Every twenty minutes or so, I bestirred myself enough to point out that if they didn't hurry, we wouldn't be able to stop at IHOP (or Dennys) for a leisurely breakfast. That if they didn't care about arriving early, they also presumably didn't care about leaving early. That their indifference to my agenda meant my indifference to their agenda in picking rides. That we were still paying the sitter for his time, even though he didn't have anything to do yet, and that fee might come out of their point jars. That I was delighted our house was so much more fun than an amusement park! I must be doing a superlative job as a Mom if they preferred performing gravitic experiments with coat hangers to the over-stimulation of a crowded Schlitterbahn. (This supports the theory that cardboard boxes are far superior to loud, obnoxious, flashing toys.)

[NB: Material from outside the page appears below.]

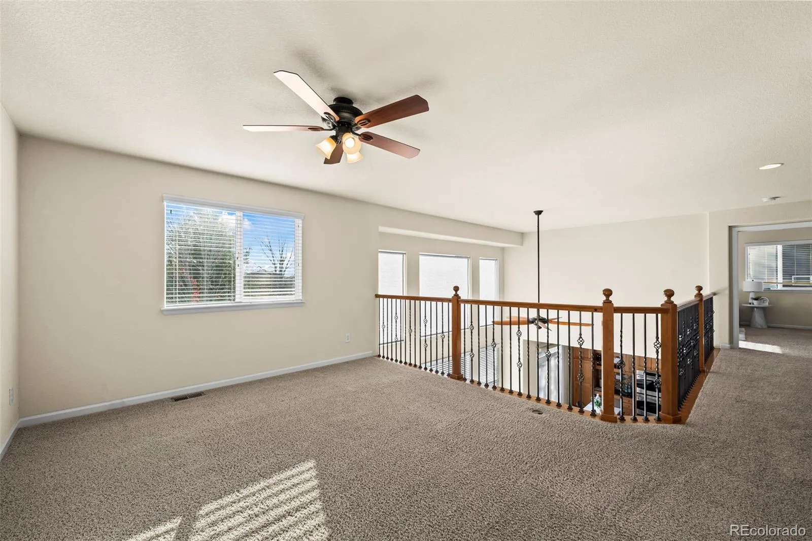 Welcome to 254 Bittern Dr in the serene Stroh Farm community in Johnstown! As you arrive, you’ll be greeted by fantastic curb appeal, featuring mature trees, a charming front porch, and a spacious three-car garage. Save on your insurance + energy bills with the new roof and paid solar! Step inside to find soaring vaulted ceilings and a formal living and dining area that leads you into the heart of the home. The open eat-in kitchen features a large island, ample cabinet + granite counter space and includes all appliances. Cooking for a crowd? Enjoy the double ovens + gas cooktop. The kitchen flows seamlessly into the eat-in space which opens to the private fenced backyard with excellent landscaping. The inviting family room rounds out the open floor plan, highlighted by double-height ceilings and a cozy gas fireplace. Tucked away behind the family room is a private office, perfect for working from home. Owner’s entry from the garage doubles as a convenient laundry room. Upstairs, you’ll find a spacious loft for extra living space and two secondary bedrooms that share a full bathroom. Across the catwalk is the private primary bedroom which offers a five-piece en-suite bathroom + enormous walk-in closet. The unfinished basement is ideal for future customization and includes a lockable workshop space. Just south of Downtown Johnstown, around the corner from new Bella Ridge Golf Club + Pioneer Ridge Elementary School. Don’t miss the opportunity to make this beautiful home yours in the desirable Stroh Farm community!
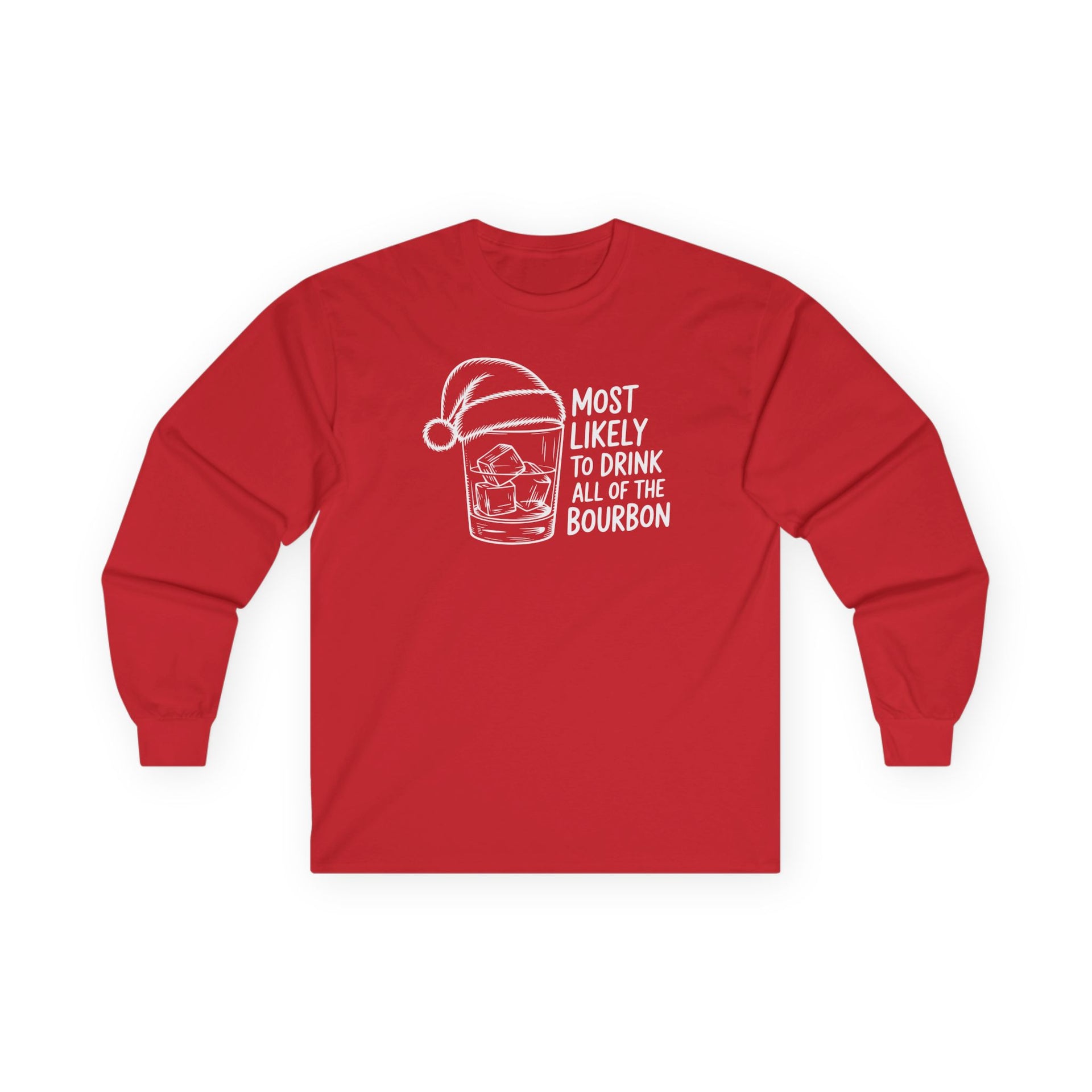 Most Likely to Drink All of the Bourbon – Funny Christmas Long Sleeve Tee

Jon, after waiting for an hour, started getting cranky. "I'm hungry," he complained. I offered to get him a snack.
He declined, then reminded the kids that from 10:00 to 11:00 a.m., the park would only be open to Intel employees, which meant virtually no lines on the most popular rides. I added that the later we arrived, the hotter it would be and the faster their dear, sweet Mama would wilt like a delicate flower in the hot, hot sun.
The babysitter played with Sammy and laughed at us. It was very pleasant, actually, that Sam had time to make friends with him. It meant there was less panic when we did eventually leave.
After ninety-plus minutes of listening to play punctuated by sporadic clean-up, I recommended that Jon impose a time limit. "Kids," he called upstairs, "If that hall does not pass inspection in the next five minutes--" (I waited breathlessly, hoping he would say "We won't go at all!") --"We won't get breakfast at all! You'll have to wait for lunch!"
Ah well.
Thirty seconds later, the kids announced they were done. (Miraculous. Predictable, though, which is why I didn't suggest the time limit earlier.) I inspected. I pointed out perhaps three items they'd overlooked, and then declared myself satisfied.
We decamped a few minutes later, a mere two hours behind schedule.
Between the late start, breakfast (at McDonald's), lunch, and my leverage to leave early, I spent a mere hour and a half at actual attractions. Plus a fair, but not excessive, amount of walking. I seized every reasonable opportunity to sit down in the shade. I kept my hand sanitizer close and dispensed it liberally.
I even unbent far enough to purchase a single memento: a cute little over-priced sand castle refrigerator magnet. I intend to display it prominently, as a trophy.
Despite the abbreviated adventure, the kids were both exhausted and fell asleep on the way home. Eric actually went to bed early.
The kids had fun, Jon got to spend some quality time with them, I got a clean house, Sammy did fine, and the babysitter got paid for eleven-odd hours of work, even if two of them involved sitting on the couch chatting and Sammy napped for a couple more.
Further, because of our liberal smearing of sunblock, nobody is even sporting a burn today.
The only drawback is that I don't have very many pictures, since there was no way we were taking our cellphones inner tubing on a river.
Overall, a definite success!
Still, I would rather have taken a nice, leisurely nap. I am remarkably sanguine about having joined the club of Old Geezers at the mere age of twenty-nine, v. 3.0. Do I hear an amen?
One final word of advice: Never, EVER, go shopping for swimwear while pregnant. Especially in the second trimester, when you're big enough to look fat, but not big enough to look pregnant. I was depressed for hours. In the end, I just wore opaque maternity clothes. (And, no, there are definitely no pictures of me.)